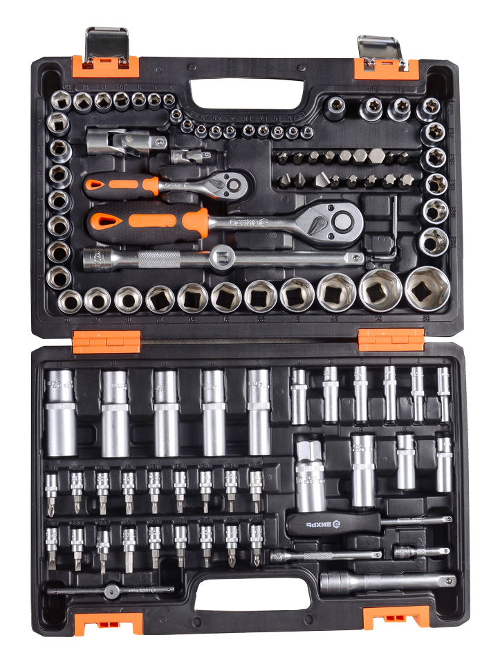 Набор инструмента ВИХРЬ предназначен для ремонта автомобилей, мотоциклов, садовой и другой техники. Подходит как для использования на станциях технического обслуживания, так и в бытовом применении дома или на даче. Инструмент изготовлен в соответствии с международными стандартами. Головки и комбинированные ключи изготовлены из хромованадиевой стали, придающей инструменту высокую твердость и легкость. Биты, биты-вставки и отвёртки производятся из стали S2, улучшающей характеристики крутящего момента и твёрдости. Все наборы упакованы в ударопрочный кейс, изготовленный из жесткого противоударного пластика, с металлическими застёжками. Повышенные показатели прочности, крутящего момента и износостойкости.Комплектация:удлинители 1/2” и 1/4'', отвёртка-держатель 1/4'', головки свечные под ключ, головки торцевые удлинённые 1/4'' и TORX 1/2'' и 1/2'', биты и адаптер для бит 5/16'', головки торцевые 1/2'' и 1/4'' и TORX 1/4'', вороток 1/4'' и 1/2'', биты с торцевыми головкам, ключ трещоточный 1/2'' и 1/4'', кардан 1/4'' и 1/2''.
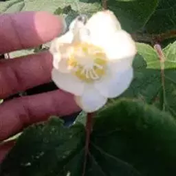 软枣猕猴桃(学名:Actinidia arguta (Sieb. & Zucc) Planch. ex Miq.)是猕猴桃科、猕猴桃属大型落叶藤本植物;小枝基本无毛或幼嫩时星散地薄被柔软绒毛或茸毛,叶膜质或纸质,卵形、长圆形、阔卵形至近圆形,顶端急短尖,基部圆形至浅心形,背面绿色,花序腋生或腋外生,苞片线形,花绿白色或黄绿色,芳香,萼片卵圆形至长圆形,花瓣楔状倒卵形或瓢状倒阔卵形,花丝丝状,花药黑色或暗紫色,长圆形箭头状,果圆球形至柱状长圆形,长2-3厘米,成熟时绿黄色或紫红色。种子纵径约2.5毫米。
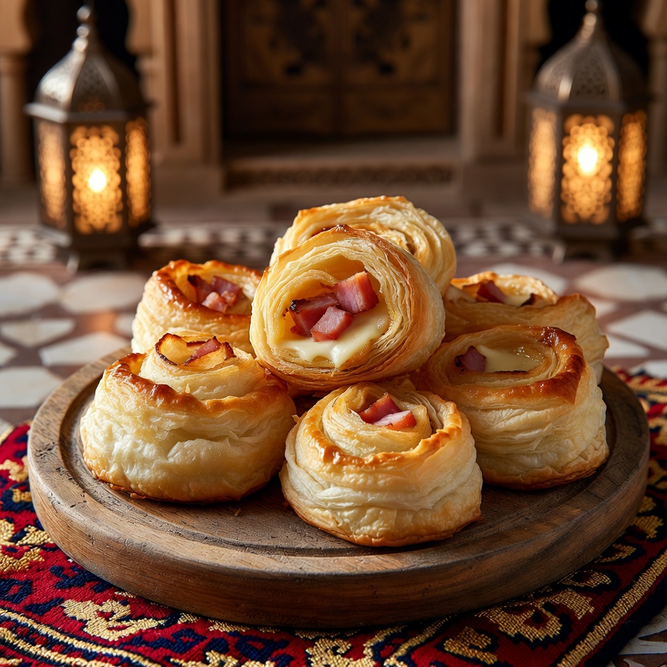 فطائر البف باستري المحشوة بالهام والجبن من أشهر المقبلات السهلة والسريعة التي ترضي جميع الأذواق. تتميز بعجينتها الهشة الذهبية وحشوتها الغنية بالهام المالح والجبن الذائب، ما يجعلها خيارًا مثاليًا للحفلات، والولائم، والرحلات، أو حتى كسناك خفيف مع الشاي أو القهوة.
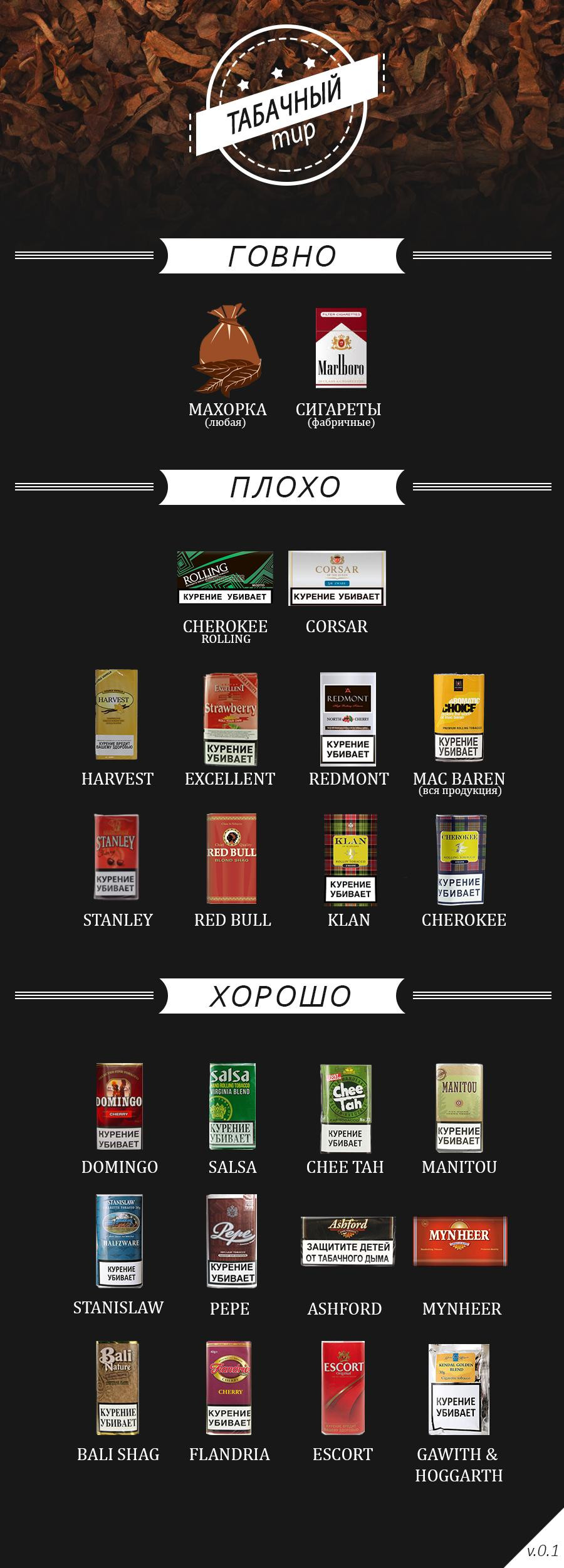 >>5319 На данный момент табачный tier примерно следующий: нынешняя махорка<фабричные сигареты<говно<Stanley<Cherokee Rolling<Taste<Harvest<Excellent<Redmont<все от Mac Baren Company(Choise, best blend,bucaneer, amsterdamer, django,club 69) <Red Bull<Klan<моча<Cherokee<Corsar<Salsa<Chee Tah<Pepe<Manitou<Bali Shag<Stanislaw<Domingo<Ashford-Mynheer<Flandria<Escort<Gawith & Hoggarth В принципе, все что идет после мочи составляется индивидуально, но все примерно соответствует действительности.
──────────
Make an exact copy of the listing above, omitting the pictures.

 Набор инструмента ВИХРЬ предназначен для ремонта автомобилей, мотоциклов, садовой и другой техники. Подходит как для использования на станциях технического обслуживания, так и в бытовом применении дома или на даче. Инструмент изготовлен в соответствии с международными стандартами. Головки и комбинированные ключи изготовлены из хромованадиевой стали, придающей инструменту высокую твердость и легкость. Биты, биты-вставки и отвёртки производятся из стали S2, улучшающей характеристики крутящего момента и твёрдости. Все наборы упакованы в ударопрочный кейс, изготовленный из жесткого противоударного пластика, с металлическими застёжками. Повышенные показатели прочности, крутящего момента и износостойкости.Комплектация:удлинители 1/2” и 1/4'', отвёртка-держатель 1/4'', головки свечные под ключ, головки торцевые удлинённые 1/4'' и TORX 1/2'' и 1/2'', биты и адаптер для бит 5/16'', головки торцевые 1/2'' и 1/4'' и TORX 1/4'', вороток 1/4'' и 1/2'', биты с торцевыми головкам, ключ трещоточный 1/2'' и 1/4'', кардан 1/4'' и 1/2''.
 软枣猕猴桃(学名:Actinidia arguta (Sieb. & Zucc) Planch. ex Miq.)是猕猴桃科、猕猴桃属大型落叶藤本植物;小枝基本无毛或幼嫩时星散地薄被柔软绒毛或茸毛,叶膜质或纸质,卵形、长圆形、阔卵形至近圆形,顶端急短尖,基部圆形至浅心形,背面绿色,花序腋生或腋外生,苞片线形,花绿白色或黄绿色,芳香,萼片卵圆形至长圆形,花瓣楔状倒卵形或瓢状倒阔卵形,花丝丝状,花药黑色或暗紫色,长圆形箭头状,果圆球形至柱状长圆形,长2-3厘米,成熟时绿黄色或紫红色。种子纵径约2.5毫米。
 فطائر البف باستري المحشوة بالهام والجبن من أشهر المقبلات السهلة والسريعة التي ترضي جميع الأذواق. تتميز بعجينتها الهشة الذهبية وحشوتها الغنية بالهام المالح والجبن الذائب، ما يجعلها خيارًا مثاليًا للحفلات، والولائم، والرحلات، أو حتى كسناك خفيف مع الشاي أو القهوة.
 >>5319 На данный момент табачный tier примерно следующий: нынешняя махорка<фабричные сигареты<говно<Stanley<Cherokee Rolling<Taste<Harvest<Excellent<Redmont<все от Mac Baren Company(Choise, best blend,bucaneer, amsterdamer, django,club 69) <Red Bull<Klan<моча<Cherokee<Corsar<Salsa<Chee Tah<Pepe<Manitou<Bali Shag<Stanislaw<Domingo<Ashford-Mynheer<Flandria<Escort<Gawith & Hoggarth В принципе, все что идет после мочи составляется индивидуально, но все примерно соответствует действительности.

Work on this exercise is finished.